Better idea: flip things on their head

You need hot water to run a hydronic heating coil efficiently, far hotter than you'd ever set your water heater to (water heaters struggle to reach 180°F which is the standard temp a hydronic boiler is set to). However, your hydronic load probably pales in comparision to your domestic hot water load most of the time, and your current gas heater is not all that and a bag of chips regarding efficiency (EF=0.50).

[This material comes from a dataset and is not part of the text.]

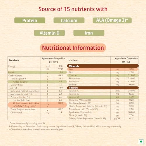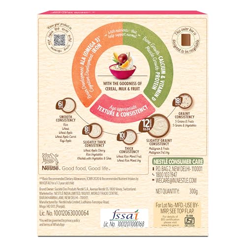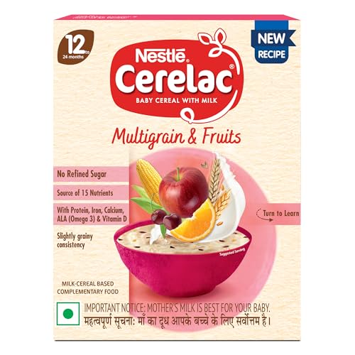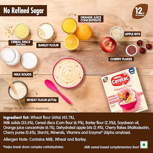 Nestle CERELAC Multigrain & Fruits with No Refined Sugar is a complementary baby food for infants from 12 to 24 months. It is also a source of 15 important nutrients including vitamins and minerals. With Iron Protein Calcium ALA (Omega 3) & Vitamin D. This baby food cereal is packed with the goodness of cereal milk and fruit. With 155 years of scientific expertise in infant nutrition Nestle develops infant nutrition products backed by evolving science and research. Innovation has been at the heart of Nestle since its beginning. Contains no Refined Sugar. Storage Instructions: Store unopened pack in a cool and dry place.After opening use the contents within 3 weeks or the expiry date whichever is earlier. Prolonged storage and exposure to air may result in infestation & off odors & taste. On opening transfer the contents of the pack along with the pouch into a clean airtight container. After each use close lid tightly and store in a cool dry and hygienic place. Important Notice: Motherâs milk is best for your baby. Warning/Caution : Careful and hygienic preparation of infant food is most essential for health. Do not use fewer scoops than directed since diluted feeding will not provide adequate nutrients needed by your infant. Do not use more scoops than directed since concentrated feed will not provide the water needed by your infant. Infant food shall be only used on the advice of a health worker as to the need for its use and the proper method of its use Safety warning: Infant food is not the sole source of nourishment of an infant. Boiled and cooled water shall be used to prepare this product and any leftover product must be discarded to reduce the risk of infection Use prepared feed within half an hour otherwise microbial deterioration may set in. Discard unused feed. The scoop provided with this pack should be thoroughly washed and dried before use Allergen note: Contains Wheat and Milk. May contain Barley.

So, the solution I propose is to use a hydronic boiler to drive an indirect hot water heater tank in addition to the coil in the air handler. An indirect tank the size of your existing heater with a 150kbtu modulating-condensing boiler can give you practically infinite hot water, will have far fewer standby losses (~350-400Btu/hr for a Bradford White SW-2-80-L based on the AHRI figures of 0.6°F/hr and a 71 gallon potable capacity) compared to the kBtu/hr range standby losses of a conventional gas heater, and will be more efficient than your existing heater overall with a computed EF in the 0.7 to 0.8 range depending on the thermal efficiency you can milk from the hydronic setup (good modcons get into 95-96% thermal efficiencies, and indirect tanks are quite efficient as well), comparable to a good condensing gas tank-type heater.

Atop that, you'll be running the coil in the air handler more efficiently due to the improved delta-T available over what a domestic hot water heater can produce, and you have a solid platform for future desires (such as zoned air handling or radiant heat).